Che cosa si dovrebbe fare di innovativo, anche rispetto alle procedure fissate dalla Buona Scuola? Si tratterebbe di individuare un team di lavoro indipendente dall’apparato, con esperti in valutazione provenienti anche da altre regioni. Questo team, in modo autonomo, dovrebbe scegliere un numero di scuole rappresentative del sistema scolastico regionale e, soprattutto, dovrebbe chiarire alla classe docenti gli obiettivi annuali del progetto e le tecniche di valutazione. Non dovrebbe premiare le attività di coordinamento e gli incarichi istituzionali dei docenti, non dovrebbe premiare lo svolgimento di attività didattiche integrative, ma dovrebbe fissare l’attenzione solo sui rendimenti scolastici degli studenti. Monitorando nel tempo le competenze degli studenti su ciascuna materia, il team sarebbe in grado di misurare, a parità di condizioni, l’effetto dinamico della docenza.

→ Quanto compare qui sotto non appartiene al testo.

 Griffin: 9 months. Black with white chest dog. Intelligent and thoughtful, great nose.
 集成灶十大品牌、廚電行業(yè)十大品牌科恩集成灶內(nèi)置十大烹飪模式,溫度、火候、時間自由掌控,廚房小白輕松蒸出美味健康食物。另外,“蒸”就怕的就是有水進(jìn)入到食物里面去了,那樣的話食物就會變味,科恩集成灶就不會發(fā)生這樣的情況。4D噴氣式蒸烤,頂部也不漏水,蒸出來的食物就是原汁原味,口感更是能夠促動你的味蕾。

E’ evidente che per quanto esposto in questa nota, la proposta della legge 107/2015 sull’erogazione di bonus a favore dei docenti è da considerarsi poco efficace perché da un lato viola l’ipotesi di indipendenza del valutatore (i dirigenti scolastici non lo sono) e dall’altro lato assegna poche risorse a ciascuna scuola rispetto a quelle necessarie per poter cambiare la matrice degli incentivi dei singoli docenti. Riguardo la proposta del progetto-pilota, qualcuno potrebbe obiettare sull’opportunità che sia una regione ad avviare la sperimentazione. I potenziali benefici sono due. Il primo vantaggio dipende dalla decisione di proporsi nel paese come un ente che, in modo complementare rispetto alle attività ministeriali, investe ingenti risorse finanziarie sull’istruzione, ossia sulla componente più importante del processo di creazione del proprio capitale umano. Il secondo benefico è legato all’esito della sperimentazione: se è positivo, vuol dire che il miglioramento delle competenze degli studenti per singola materia è dipeso, a parità di condizioni, dalle attività in aula dei docenti, ai quali viene erogato l’extra-salario. L’implicazione più importante di tutto ciò sarebbe una radicale rivisitazione dei metodi e delle finalità di alcuni aspetti – quelli legati al bonus – della Buona Scuola del Governo Renzi.